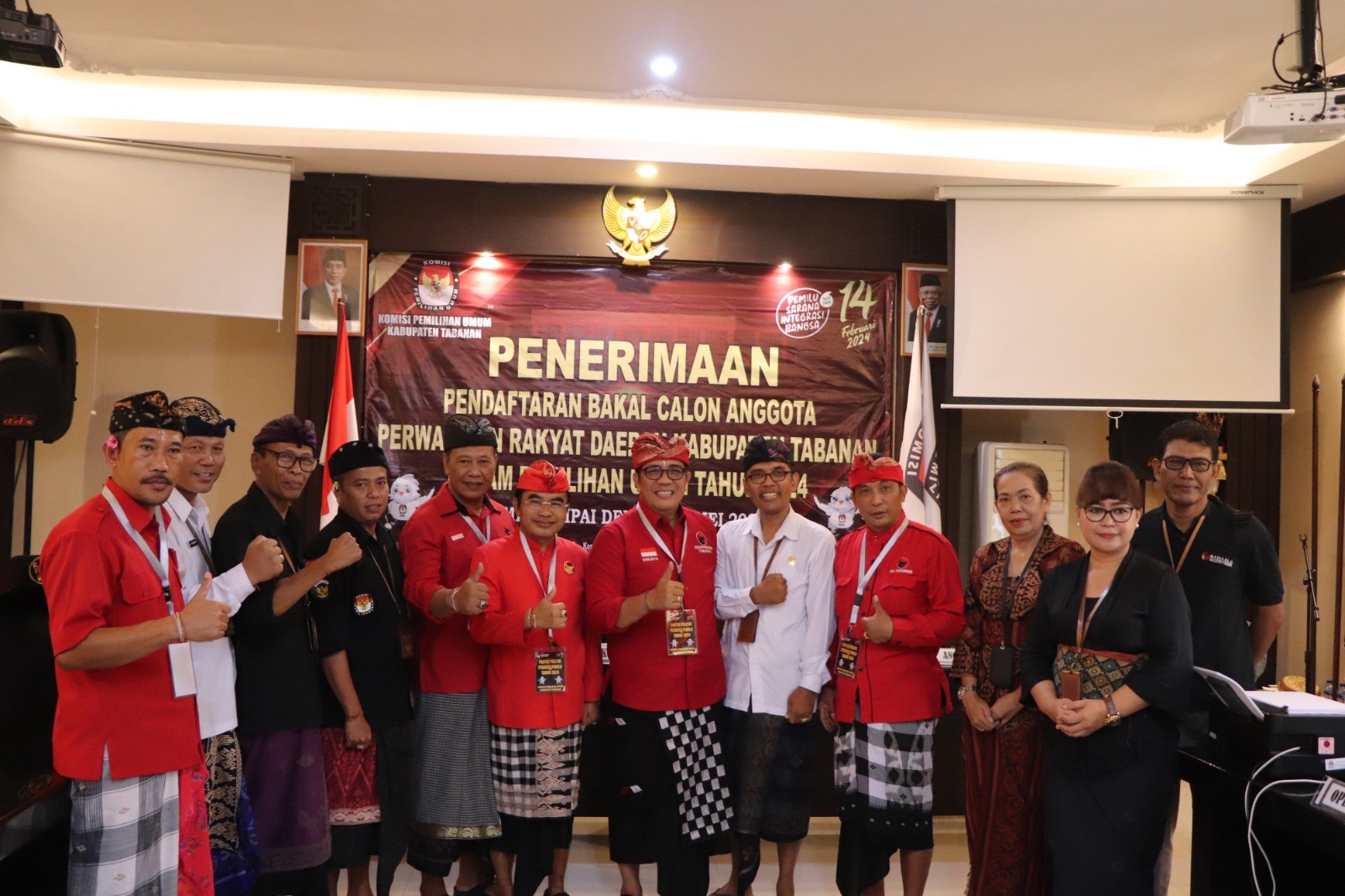 KPU Tabanan, Dangin Carik – Melansir dari unggahan media sosial Komisi Pemilihan Umum (KPU) Kabupaten Tabanan, hari Kamis tanggal 11 Mei tahun 2023, “Partai Demokrasi Indonesia Perjuangan ( PDI Perjuangan ) ajukan Bakal Calon Anggota DPRD Kabupaten di KPU Tabanan, Kamis ( 11/5 ). Rombongan PDI Perjuangan Tabanan diterima pada pukul 08.30 Wita, Hadir Ketua DPC PDI Perjuangan Tabanan, Komang Gede Sanjaya beserta Sekretaris, sejumlah Bakal Calonnya, Petugas Penghubung/LO, Operator serta masa pendukungnya. Nampak yang masuk ke ruangan pengajuan hanyalah sejumlah kurang lebih 10 Orang. Dari proses pengajuan tersebut setelah melalui Admin dan Operator Sistem Informasi Pencalonan (Silon), KPU Tabanan memberikan status DITERIMA karena berkas pengajuan dalam Silon menunjukkan telah lengkap dan diterima.
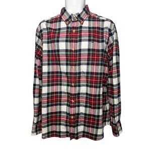 Vineyard Vines Men's Large Red Navy Plaid Flannel Long Sleeve Button Down
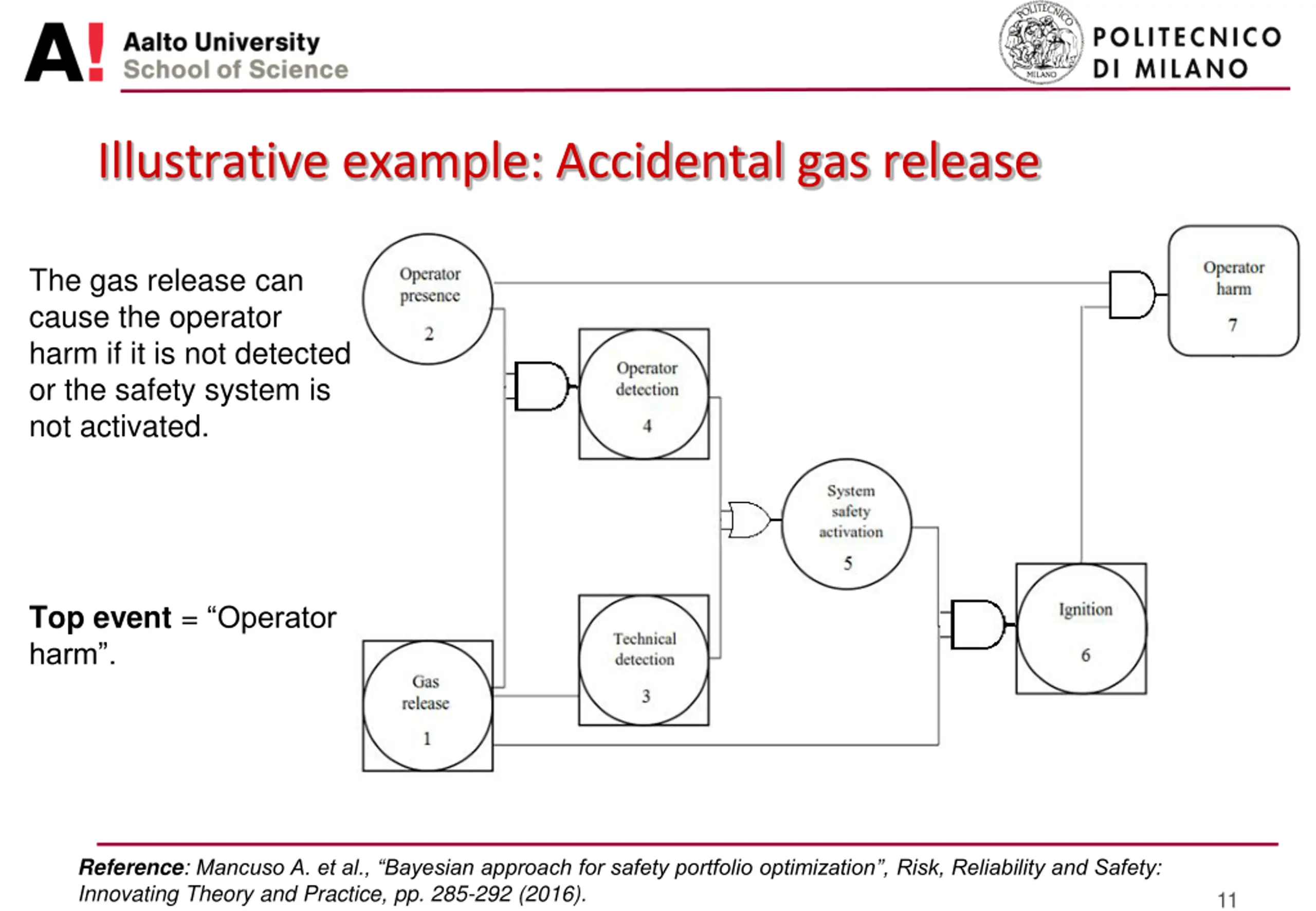 Illustrative example: Accidental gas release The gas release can cause the operator harm if it is not detected or the safety system is not activated. Top event = Operator harm . Reference: Mancuso A. et al., Bayesian approach for safety portfolio optimization , Risk, Reliability and Safety: Innovating Theory and Practice, pp. 285-292 (2016). 11
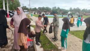 Dengan penuh semangat kebersamaan, para peserta membersihkan area alun-alun dengan melakukan pemungutan sampah, menyapu, serta merapikan lingkungan sekitar. Kegiatan ini menjadi bukti nyata kepedulian aparat dan masyarakat terhadap kebersihan lingkungan, sekaligus sebagai upaya menanamkan nilai gotong royong sejak dini kepada generasi muda.
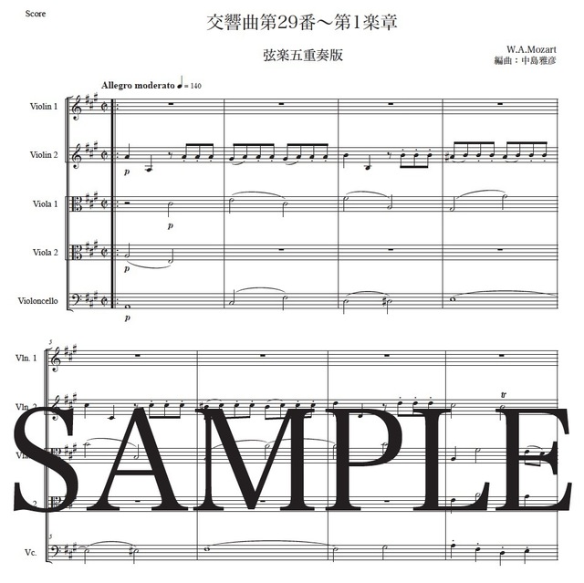モーツァルト「交響曲第29番~第1楽章」弦楽五重奏版 コンビニプリント対応
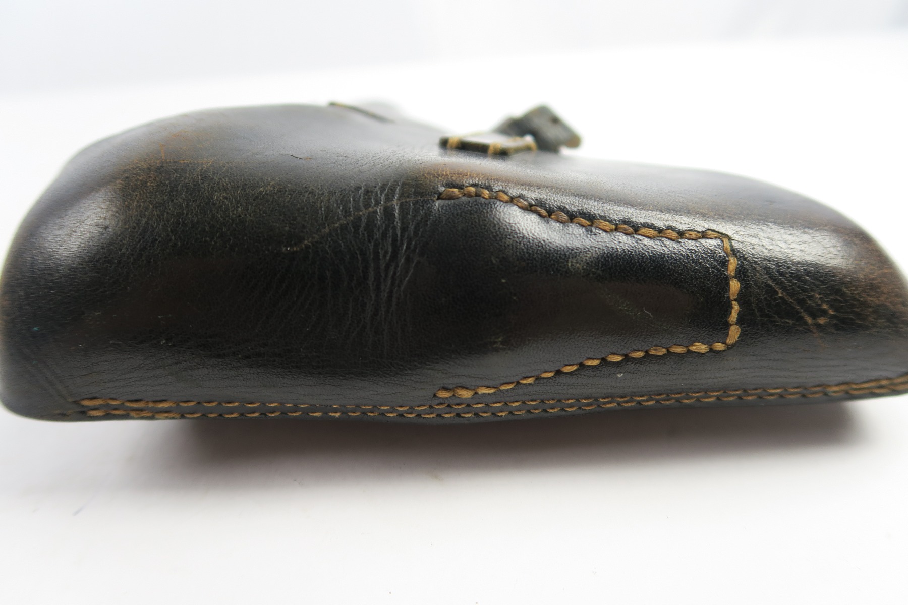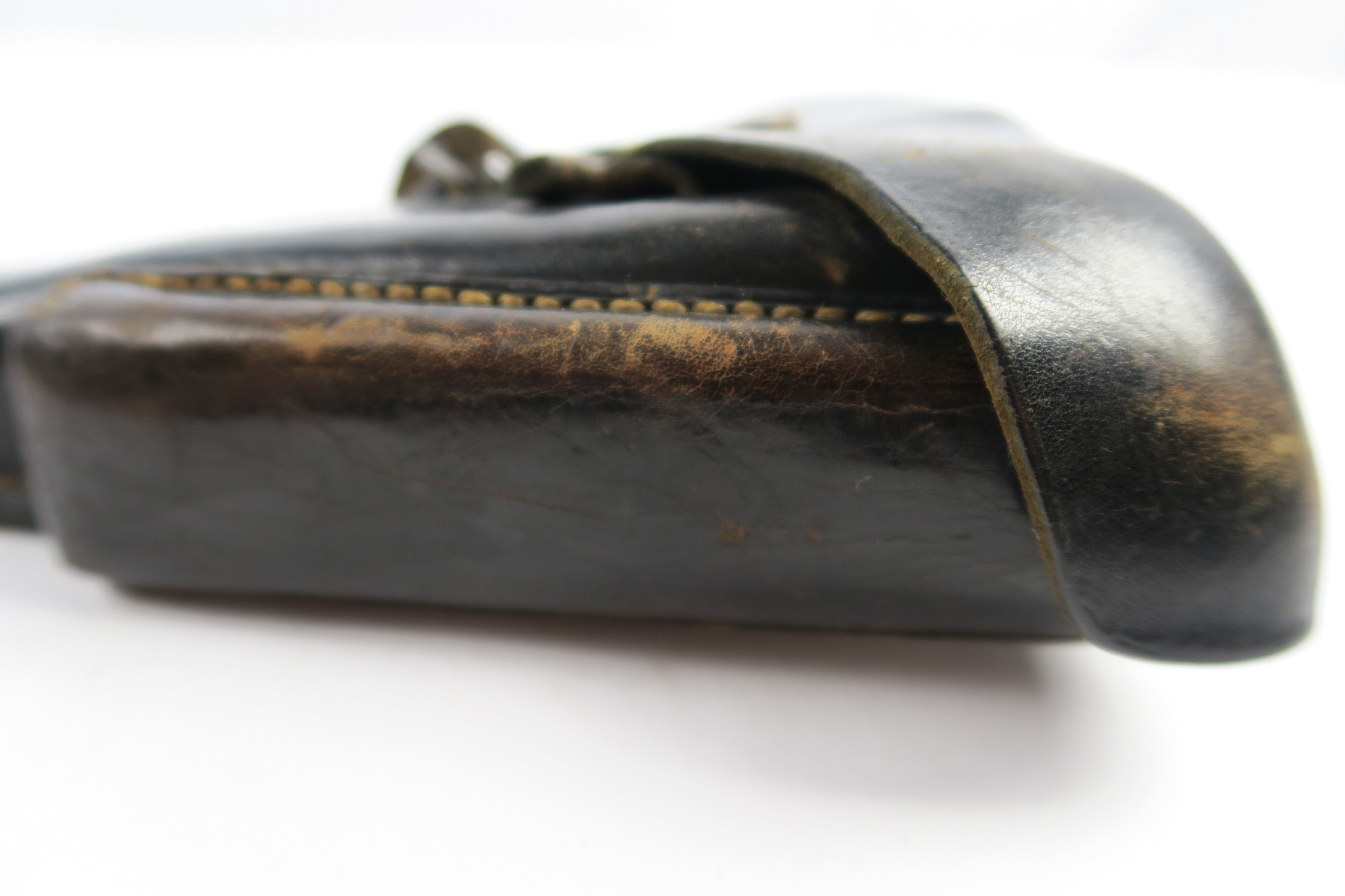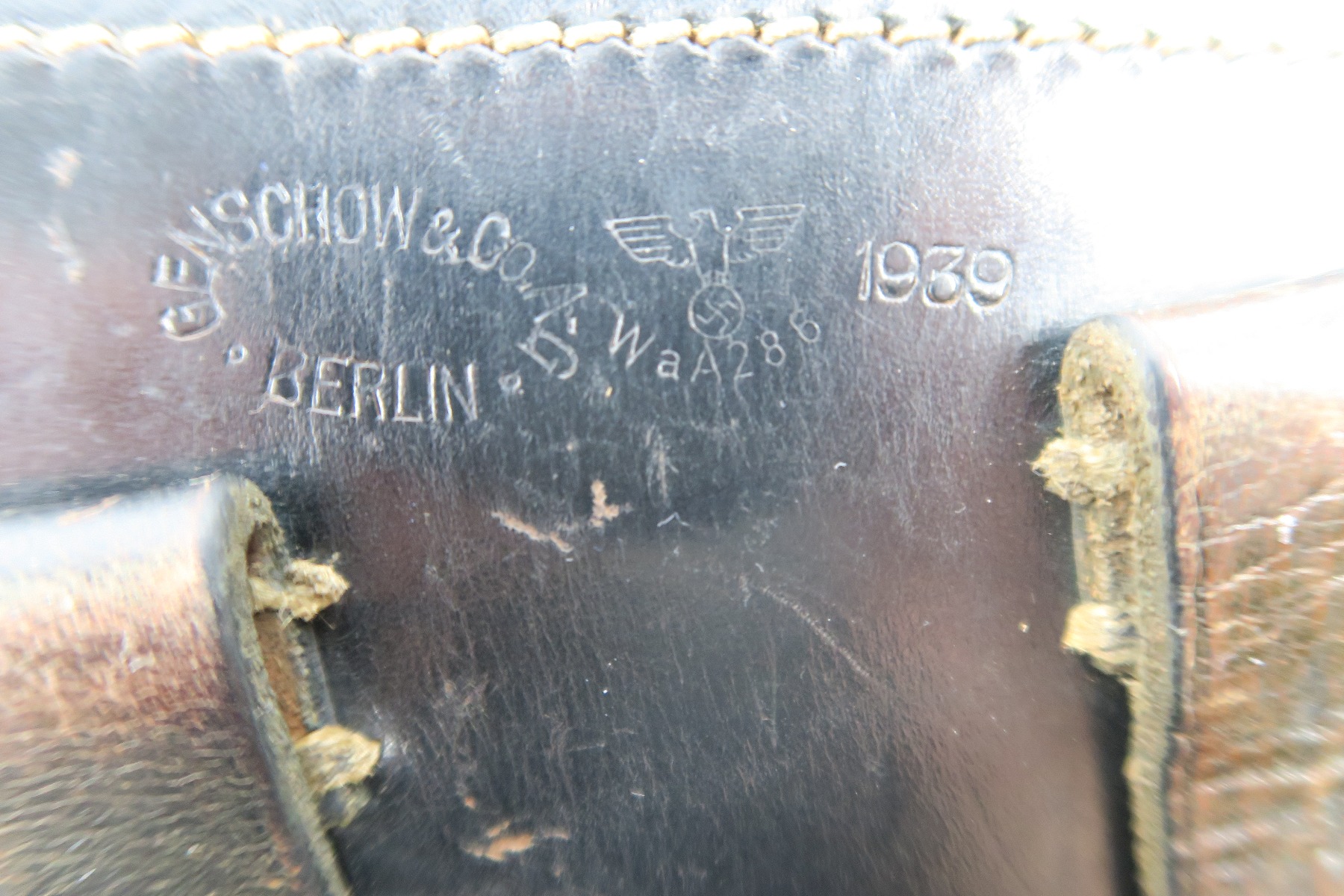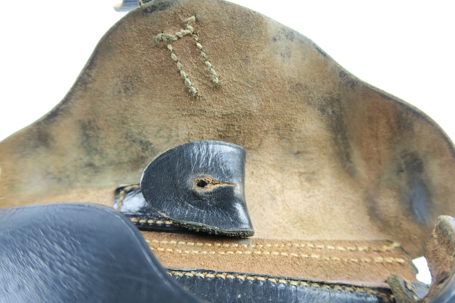 4/27/18 – This is an original 1939 dated Luger holster from WW2. The back of the holster is maker stamped with a waffen WaA286 military proof and 1939 date stamp. The leather is lightly worn and shows signs of having held a Luger for a while. The leather is soft and pliable and the closure strap has some surface wrinkling and light cracking. The main leather is lightly wrinkled with normal wear. The stitching is all tight and original. The back toe of leather has a name and number “11023” lightly scratched on. This seems like a German’s writing / name. A very nice holster with a little character from WW2. Guaranteed original.
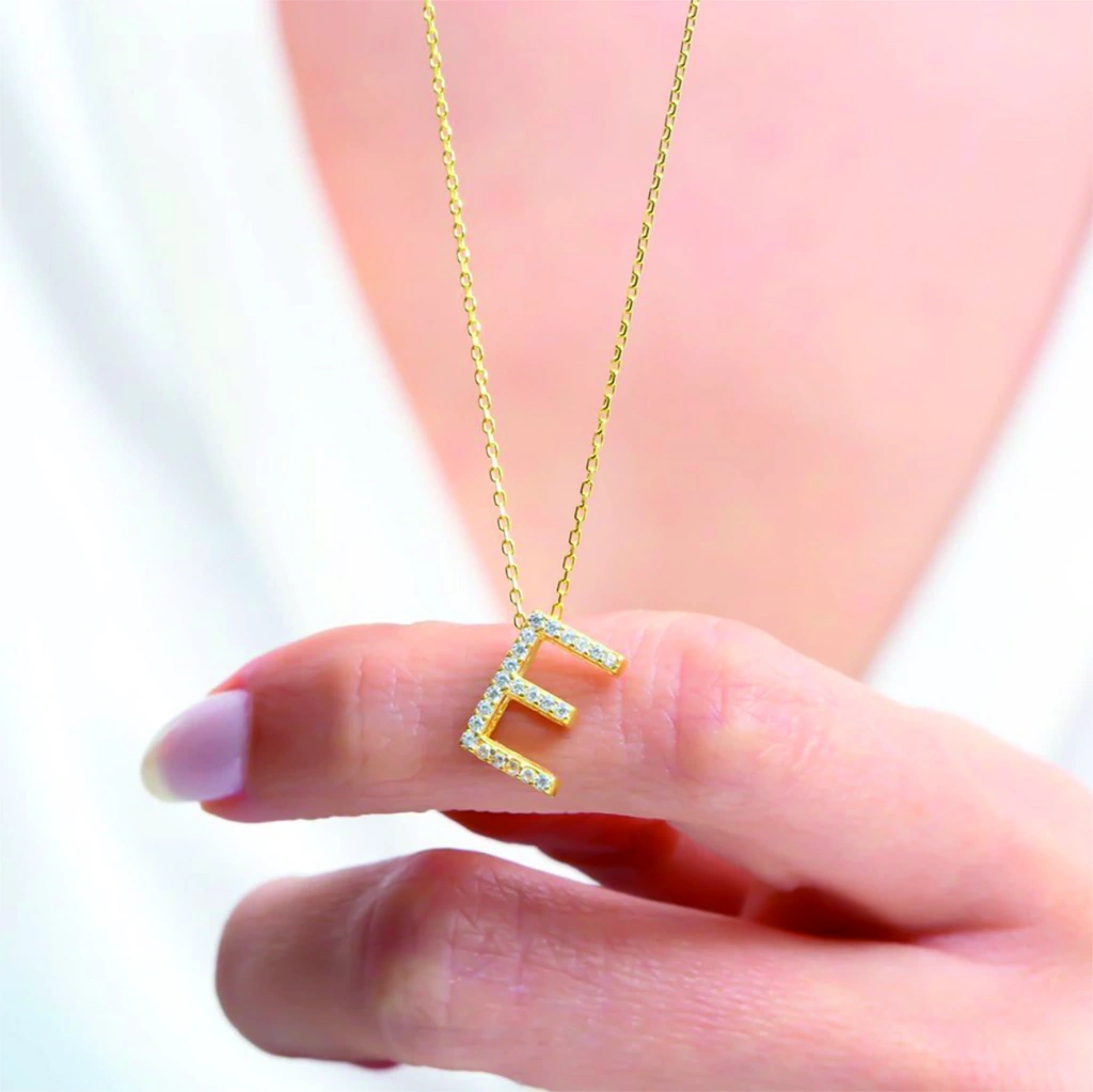 Işıltılı Prizma E Harfi Gümüş Kolye
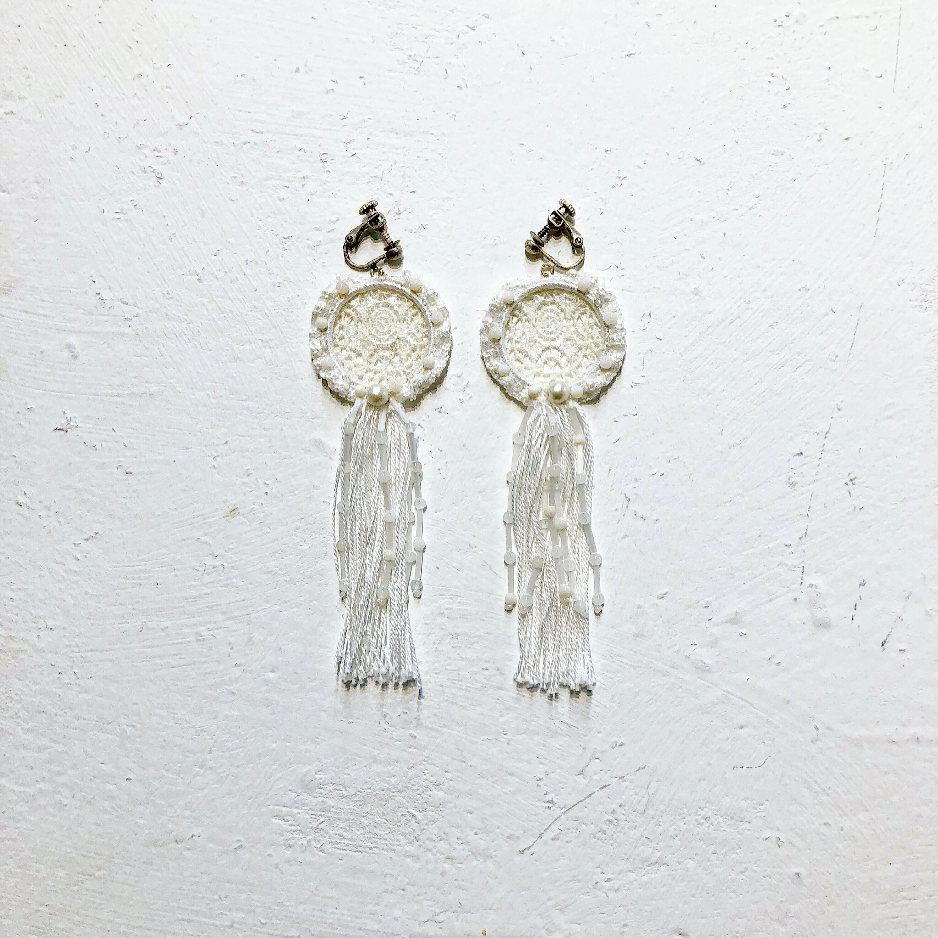 糸とホワイトの竹ビーズのフリンジを混ぜています。
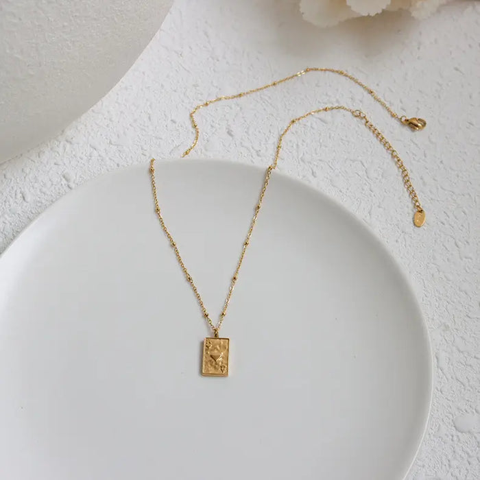 Realce su escote con nuestro elegante collar con colgante cuadrado en forma de corazón, un testimonio de sofisticación duradera y encanto individualizado. Meticulosamente elaborado con resistente acero inoxidable y lujosamente recubierto en oro de 18k, este collar ofrece resistencia y un toque de opulencia. El colgante cuadrado, elegantemente grabado con su letra inicial, infunde una esencia distintiva y personalizada a su repertorio de joyas. Con su elegante diseño geométrico y estilo contemporáneo, este collar es el accesorio ideal para mujeres exigentes que valoran la elegancia discreta y la expresión única. Eleva tu conjunto y muestra tu estilo distintivo con nuestro collar de corazón con colgante cuadrado.
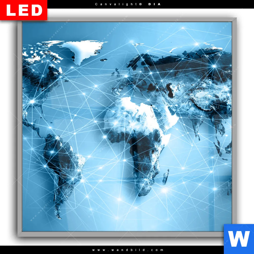 Canvalight® DIA Leuchtbild | Weltkarte Kommunikation | Quadrat

[Task statement]: Repeat the full set of records exactly, and output no pictures.

[Solution for this exercise]:
 KPU Tabanan, Dangin Carik – Melansir dari unggahan media sosial Komisi Pemilihan Umum (KPU) Kabupaten Tabanan, hari Kamis tanggal 11 Mei tahun 2023, “Partai Demokrasi Indonesia Perjuangan ( PDI Perjuangan ) ajukan Bakal Calon Anggota DPRD Kabupaten di KPU Tabanan, Kamis ( 11/5 ). Rombongan PDI Perjuangan Tabanan diterima pada pukul 08.30 Wita, Hadir Ketua DPC PDI Perjuangan Tabanan, Komang Gede Sanjaya beserta Sekretaris, sejumlah Bakal Calonnya, Petugas Penghubung/LO, Operator serta masa pendukungnya. Nampak yang masuk ke ruangan pengajuan hanyalah sejumlah kurang lebih 10 Orang. Dari proses pengajuan tersebut setelah melalui Admin dan Operator Sistem Informasi Pencalonan (Silon), KPU Tabanan memberikan status DITERIMA karena berkas pengajuan dalam Silon menunjukkan telah lengkap dan diterima.
 Vineyard Vines Men's Large Red Navy Plaid Flannel Long Sleeve Button Down
 Illustrative example: Accidental gas release The gas release can cause the operator harm if it is not detected or the safety system is not activated. Top event = Operator harm . Reference: Mancuso A. et al., Bayesian approach for safety portfolio optimization , Risk, Reliability and Safety: Innovating Theory and Practice, pp. 285-292 (2016). 11
 Dengan penuh semangat kebersamaan, para peserta membersihkan area alun-alun dengan melakukan pemungutan sampah, menyapu, serta merapikan lingkungan sekitar. Kegiatan ini menjadi bukti nyata kepedulian aparat dan masyarakat terhadap kebersihan lingkungan, sekaligus sebagai upaya menanamkan nilai gotong royong sejak dini kepada generasi muda.
モーツァルト「交響曲第29番~第1楽章」弦楽五重奏版 コンビニプリント対応
 4/27/18 – This is an original 1939 dated Luger holster from WW2. The back of the holster is maker stamped with a waffen WaA286 military proof and 1939 date stamp. The leather is lightly worn and shows signs of having held a Luger for a while. The leather is soft and pliable and the closure strap has some surface wrinkling and light cracking. The main leather is lightly wrinkled with normal wear. The stitching is all tight and original. The back toe of leather has a name and number “11023” lightly scratched on. This seems like a German’s writing / name. A very nice holster with a little character from WW2. Guaranteed original.
 Işıltılı Prizma E Harfi Gümüş Kolye
 糸とホワイトの竹ビーズのフリンジを混ぜています。
 Realce su escote con nuestro elegante collar con colgante cuadrado en forma de corazón, un testimonio de sofisticación duradera y encanto individualizado. Meticulosamente elaborado con resistente acero inoxidable y lujosamente recubierto en oro de 18k, este collar ofrece resistencia y un toque de opulencia. El colgante cuadrado, elegantemente grabado con su letra inicial, infunde una esencia distintiva y personalizada a su repertorio de joyas. Con su elegante diseño geométrico y estilo contemporáneo, este collar es el accesorio ideal para mujeres exigentes que valoran la elegancia discreta y la expresión única. Eleva tu conjunto y muestra tu estilo distintivo con nuestro collar de corazón con colgante cuadrado.
 Canvalight® DIA Leuchtbild | Weltkarte Kommunikation | Quadrat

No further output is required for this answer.